Se há dissensos, entre os profissionais da Clínica, sobre os efeitos do Programa na redução de desigualdades e os limites das ações de acompanhamento para mudanças nos padrões de cuidado em saúde, entre os beneficiários entrevistados majoritariamente há o reconhecimento de que o benefício “ajuda”, ainda que não seja suficiente. É sobre estes que os mecanismos gerativos de reprodução das desigualdades são os mais sentidos e identificáveis nas trajetórias e experiência de vida. Esses mecanismos gerativos de reprodução operam a partir das dinâmicas de gênero (“os beneficiários” representam uma população quase que exclusivamente feminina), de raça e de classe; do colonialismo (entendido aqui a partir da teoria decolonial18) e do próprio capitalismo19, se é que é possível separá-las. As titulares do benefício entrevistadas expressam a experiência de viver em território onde a violência contribui para o isolamento e as oportunidades de inserção no mercado de trabalho formal são raras, cabendo ao cuidado com a família um dos principais projetos de vida. Grande parte reconhece a importância do benefício: porque complementa a renda da família ou porque é a única fonte de renda regular.
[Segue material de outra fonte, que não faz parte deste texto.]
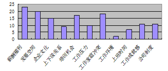 調(diào)研前,通過與人力資源部初步了解,S公司員工流失的原因是多方面的,既有公司的原因,也有員工自身的原因;有些原因是公司可控的,有些是無法控制的。因此,調(diào)研機構(gòu)把員工離職的原因定位于企業(yè)內(nèi)部,設(shè)計了主要包括薪酬福利、發(fā)展空間、企業(yè)文化、上下級關(guān)系、培訓(xùn)機會、工作壓力、工作家庭沖突、工作環(huán)境、上班時間、工作成就感、公司制度等十一項內(nèi)容的面談問卷。在與離職員工面談溝通的過程中,通過善意的引導(dǎo),盡可能獲得離職人員的真實想法。同時,調(diào)研機構(gòu)會詳細記錄面談的內(nèi)容,并對面談結(jié)果進行了統(tǒng)計(見下圖)。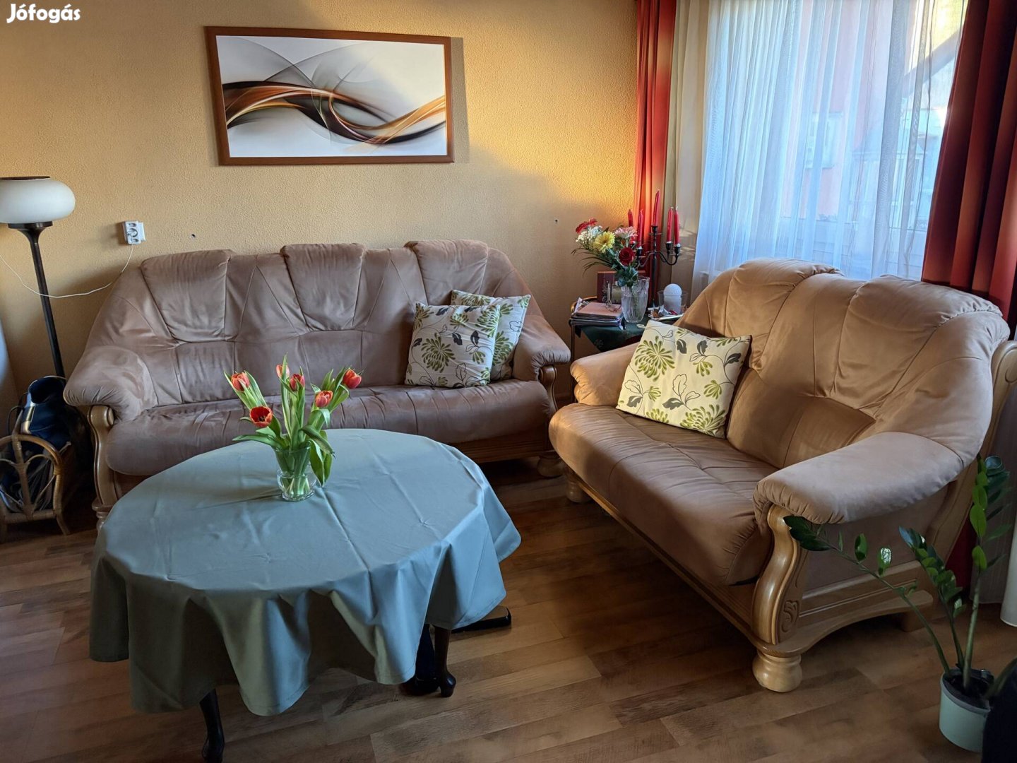 Alcantara ( hasitott bor) 3 és 2 személyes ülogarnitúra eladó. Camel ( tejeskávé) színu. Faragott fakeretes, a szivacsok kivehetoek és cipzárosak. Sérülésmentes, a kiülve nincsenek. Háziállat nincs. A kanapé tisztitható. Jelenlegi állapotban normális, de egy tisztitással ujjá lehetne varázsolni.

O cuidado à saúde se materializa no cotidiano da Clínica e não só no cumprimento das condicionalidades.

Considerações finais

Aoadotar o realismo crítico, conclui-se que os cuidados em saúde, oferecidos no âmbito das condicionalidades, são reconhecidos como limitados, uma vez que as famílias – em suas multiplicidades de configurações – inserem-se em contextos sociais de relações vulnerabilizadas. Nesse contexto, apresentam condições de saúde decorrentes desta situação: moradia precária e sem saneamento; baixa escolaridade; renda inexistente ou insuficiente; sobrecarga das mulheres, em geral jovens e negras; manutenção dos ciclos intergeracionais de pobreza. Apesar do dissenso sobre o alcance do benefício para as famílias, é reconhecida a necessidade da transferência de renda como um mecanismo social necessário para a melhoria das condições de vida, uma vez que viabiliza o acesso a serviços (educação, saúde e assistência) e mercadorias. A clínica e a ESF são percebidas como um recurso fundamental dado que o benefício é visto como de pequeno valor, mesmo entre os mais pobres, o que reforça a idéia da “ajuda”.

Conclui-se que os três domínios da realidade estratificada contribuem para compreender o alcance dos programas: as experiências em conceber o que é a saúde de maneira não dissociada entre o biológico e o social; os programas que geram ações e mudanças, tais como o PBF e a ESF, e as estruturas invisíveis e em constante movimento que incidem sobre a permanência e o aumento das desigualdades, especialmente junto a determinados grupos sociais.